Reports with attempt != current_attempt are ignored.
| Status | assigned_to | endpoint | Process exists? | Resources held? |
|---|---|---|---|---|
| PENDING | None | None | No | No |
| ASSIGNED | set | None | No | Yes (reserved) |
| RUNNING | set | set* | Yes | Yes |
| UNKNOWN | set | maybe | Unknown | Yes |
| COMPLETED | set | stale | No | No |
| FAILED | set | stale | No | No |
| CANCELLED | set/None | None | No | No |
*endpoint is set when instance binds to port
endpoint != None implies instance is/was RUNNING. Endpoint may be stale after completion.
| File | Purpose |
|---|---|
controller.py |
Core scheduling and state management |
worker.py |
Process management and reconciliation |
schemas.py |
Pydantic models, state transitions |
db.py |
SQLite persistence layer |
server.py |
FastAPI HTTP endpoints |
client.py |
Async HTTP client |
All state under ~/.pylet/:
| Path | Contents |
|---|---|
~/.pylet/pylet.db |
SQLite database (WAL mode) |
~/.pylet/run/ |
Worker local state files |
~/.pylet/logs/ |
Instance log files |
- Single file, no external dependencies
- WAL mode handles concurrent reads
- Good enough for ~100 nodes (target scale)

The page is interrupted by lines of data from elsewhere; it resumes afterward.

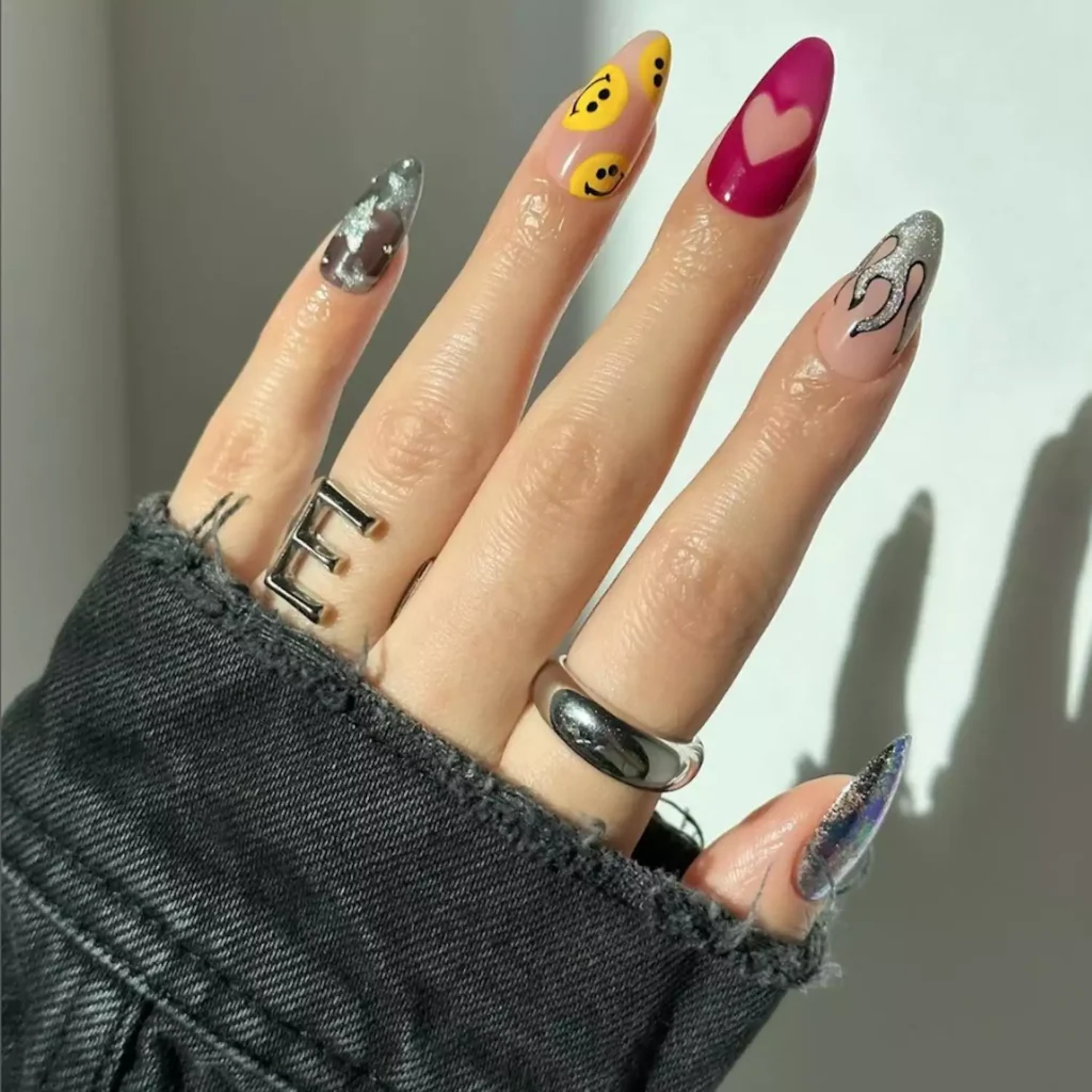 Long acrylic nails are a statement, and it’s not for an everyday look. Hearts, gems, and 3D art look great… for photos. In real life, they’re high-maintenance and break-prone. If you go long, pick one bold element and stop. Maximalism stacks fail fast.
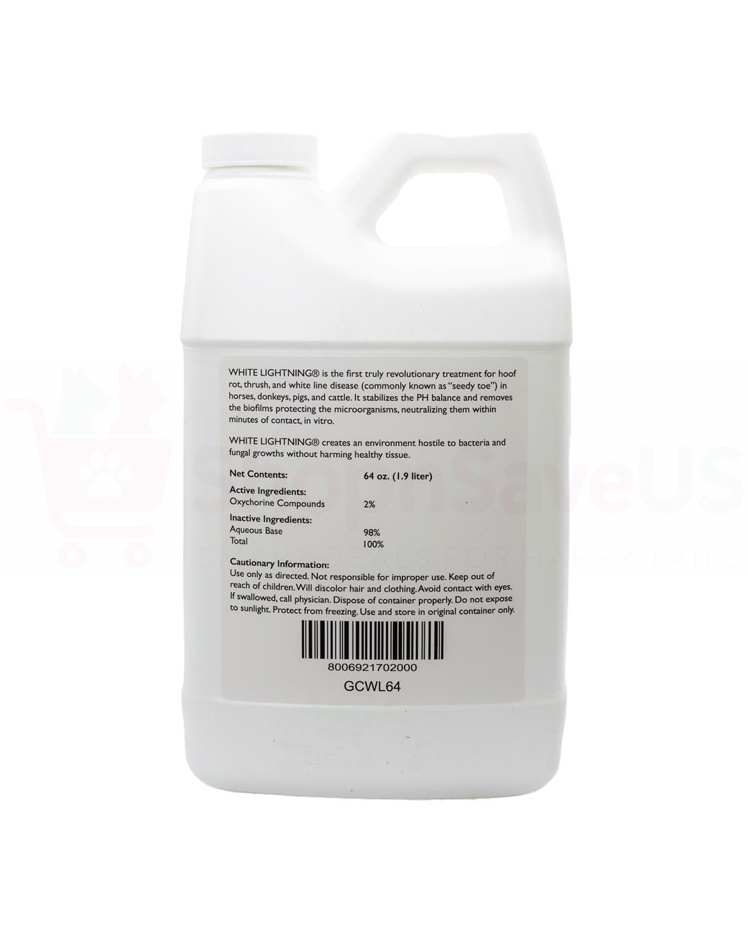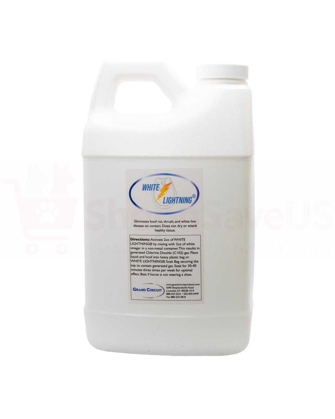 Activate Liquid formula by mixing with equal amounts of white vinegar in a non-metal container; stays active for up to 8 hours. For hoof soak, combine 2 oz White Lightning, 2 oz white vinegar and enough water to cover half way up the hoof capsule. Insert hoof in Disposable Soak Bag (sold separately) or heavy plastic bag to contain the chlorine dioxide gas and secure top to prevent leakage. For best results, keep hoof contained for 40-45 minutes. Repeat 2-3 times per week for 4-6 weeks, then 1-2 times weekly until hoof has grown out completely.
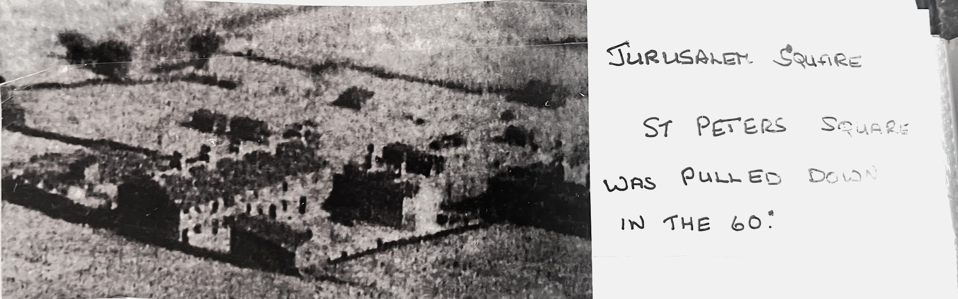 St Peters Square, School Lane in the 1960s. This is my late Father in law John west Clark, my late wife Ann Clark and my oldest son Garry Smith outside 5 St Peters Square . Barry Smith
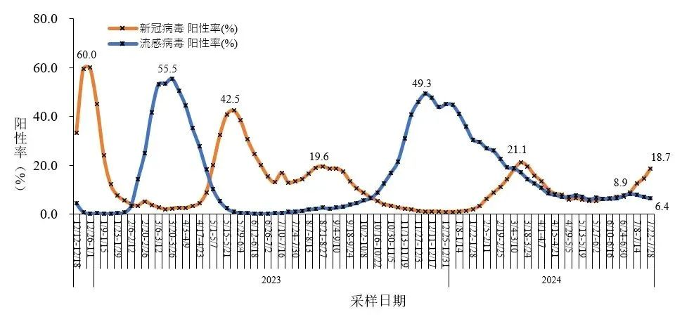 2024年8月8日,中疾控官網發布7月份《全國新型冠狀病毒感染疫情情況》,報告顯示,流感樣病例新冠病毒陽性率從第27周(7月1日-7月7日)的8.9%持續上升至第30周(7月22日-7月28日)的18.7%。新型冠狀病毒感染人數有上升,占比升高。主要流行株均為奧密克戎變異株,我國主要以JN.1系列變異株和XDV系列變異株為主。
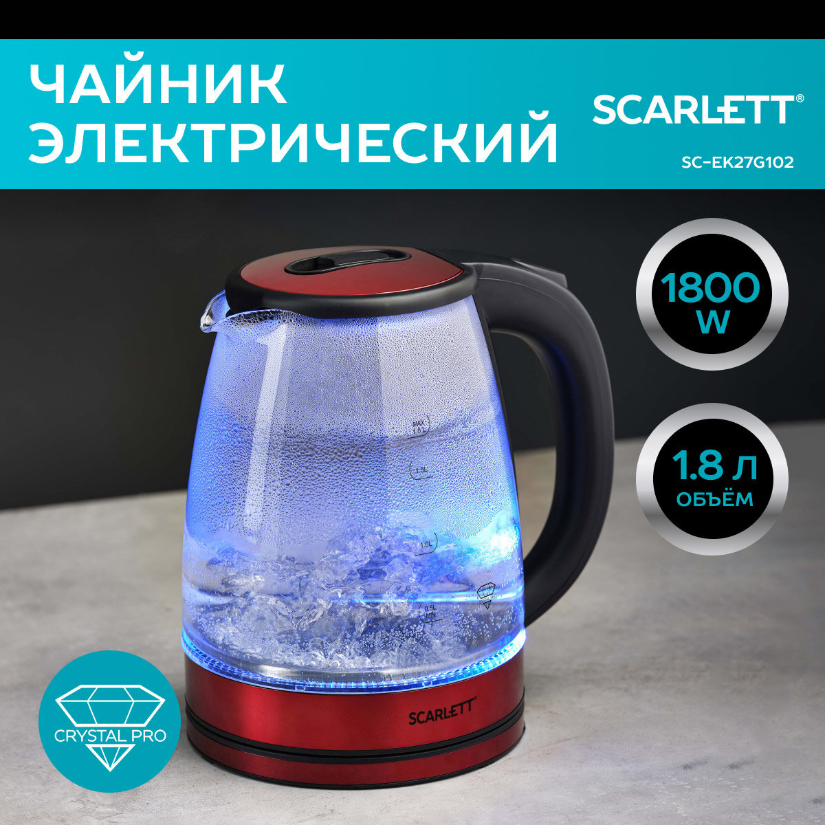 Отзывы на Чайник Scarlett SC-EK27G102,1800 Вт, 1.8 л, корпус-стекло, краcный
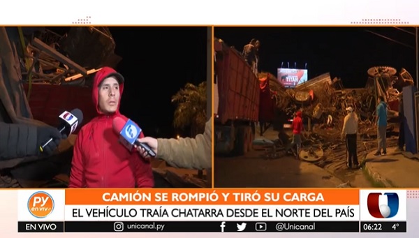 Aparentemente el camión que provenía del norte del país y tenía como destino la ciudad de Ñemby cruzó un badén y el peso de la carga hizo que la carreta se volcara de un lado dejando caer las chatarras en el asfalto.
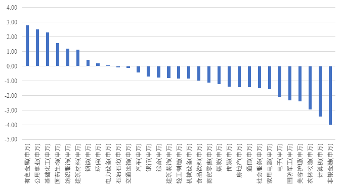 国内债券收益率走势分化。信用利差大幅收窄, 3-5 年城投债为代表的信用收益率在固收 + 产品大幅流入市场的影响下,出现大幅下行。期限利差走扩, 30 年国债收益率上行 8BP , 5-10 年股债震荡走平, 3 年国债收益率大幅下行,主要原因是配置资金、机构避险需求、流动性宽松预期带动短端收益率持续走低,但超长端利率水平配置力量有限、供给压力较大影响,下行难度较大;同时超长端利率还受到资金结构的影响,去年至今规模大幅增长的宏观基金股债双多的仓位在 3 月波动率大幅上升的情况下,为了控制波动和净值回撤,同时缩减风险敞口, TL 的下跌压力加大,同时带动了市场交易性资金利率定价向通胀预期方向偏移。债市面临一个尴尬的境地,一方面是长期通胀预期的担忧形成收益率压制,另一方面是短期经济基本面仍然偏弱和资金宽松带来的多头动力,当前很难形成一致预期,因此债券收益率仍然会维持区间震荡的格局,等待新的共识形成。权益资产方面, 3 月的表现更多体现为 1-2 月由于 gjd 减持造成的市场筹码结构整体性恶化,在伊朗战争因素的冲击下,快速的兑现在价格中,形成了 A 股一度走势呈现非常快速的下跌。市场传闻的保险减仓行为可能真实存在,但实际边际影响更大的是类似年金账户这类绝对收益机构,在今年一季度以来市场板块轮动快、交易难度大、结构分化严重的情况下,安全垫在下跌过程中很快被击穿,一致性的高仓位和一致性的破净造成一致性的减仓行为发生,使得市场下跌更加猛烈,呈现出无论是否受益,价格都泥沙俱下。全月来看,板块上只有电力、油气煤炭、新能源、 CPO 正收益,但期间的波动异常剧烈,赚钱难度极大。这里出现短期超跌反弹的修复之后,短期的流动性止损冲击结束,后续会进入中期筹码结构重新均衡,市场风偏震荡收敛的过程,不排除指数仍然会有下跌空间。同时又在流动性充沛的环境下,国家队持续托底,出现深度回调的概率也并不高。总体市场基调转入防守、回调、修正。板块结构上,从美股映射角度看,科技板块存在一定的调整压力,虽然板块景气度仍然维持高位,但海外的估值中枢在下移;海外的化工和油气板块都创出了新高,表现强势,对国内资产的映射对应为煤炭、油气、新能源等,化工板块存在一定分歧,但长期看煤化工和具备生产成本优势的企业值得长期关注。国内通胀路径上,养殖板块作为防御性板块,存在一定的博弈机会,长期产业趋势上,能看到行业在下半年加速去产能,如果叠加反内卷政策预期,可能时间上还会提前。本周商品主线依旧围绕地缘供应链及对经济阶段的预期,文华商品指数周度上涨 1% ,以新能源、煤炭、化工等板块强势领涨,周度内地缘矛盾不断升级,能源安全成为阶段性的交易主线,现阶段市场似乎进入“滞胀”交易的第一阶段,目前从宏观数据上看,衰退存在预期但未清晰证是,市场主要交易由供给端矛盾引发的能源上涨所导致的“胀”,预期下游会被动补库做第一轮的顺价,是否能进入以下游顺价不畅、高价原材料导致的工业需求承压为特征,进一步引发系统性衰退的第二阶段尚不明确,在储能增量预期和本身供给偏紧的逻辑下,碳酸锂近期价格企稳快速回升,黑色链则在地缘能源替代以及煤化工增量的预期下,强势走出涨停,但在近月供强需弱的实际基本面和仓单价格的逻辑下,上涨动力还不充分,后半周承压走弱,后续需关注地缘变化,以及 4 月以来国内价差、电厂补库以及大秦线检修等因素导致供需的边际变化;对于工业金属,整体上处于经济衰退预期和流动性收紧对工业金属的利空叠加部分细分品种的供应链扰动的利多阶段,整体去库的节奏并不是很顺畅,但因几座大型铝厂遭到轰炸,市场对供应链扰动的定价会愈发显著,而当下市场对潜在的经济衰退风险定价尚不充分,因为工业金属阶段性或企稳回升;对于建材系,供给偏强以及库存偏高仍然压制价格表现,后续关注产能端的出清方式以及需求端是否会有改善。

- State survives head restart
- Workers get updates immediately (no polling delay)
- Natural distributed rate limiting
- Timeout = liveness check built-in
- Crash recovery is automatic
- No command queue to manage
- Network partitions don't cause duplicate execution
- Simpler than command/ack protocols
- Dramatically simpler than consensus
- Single source of truth, no split-brain
- Good enough for target scale (~100 nodes)
- Can always run head on reliable hardware
Instance stdout/stderr is captured using a sidecar pattern:
- Worker wraps each command:
(cmd) 2>&1 | python3 -m pylet.log_sidecar <log_dir> <instance_id> - Sidecar writes to rotating log files in
~/.pylet/logs/ - Worker runs an HTTP server (port 15599) for log retrieval
- Head proxies log requests to workers via
/instances/{id}/logs
Why sidecar? The log capture process survives even if the instance crashes, ensuring logs aren't lost. The pipe pattern also allows log rotation without instance cooperation.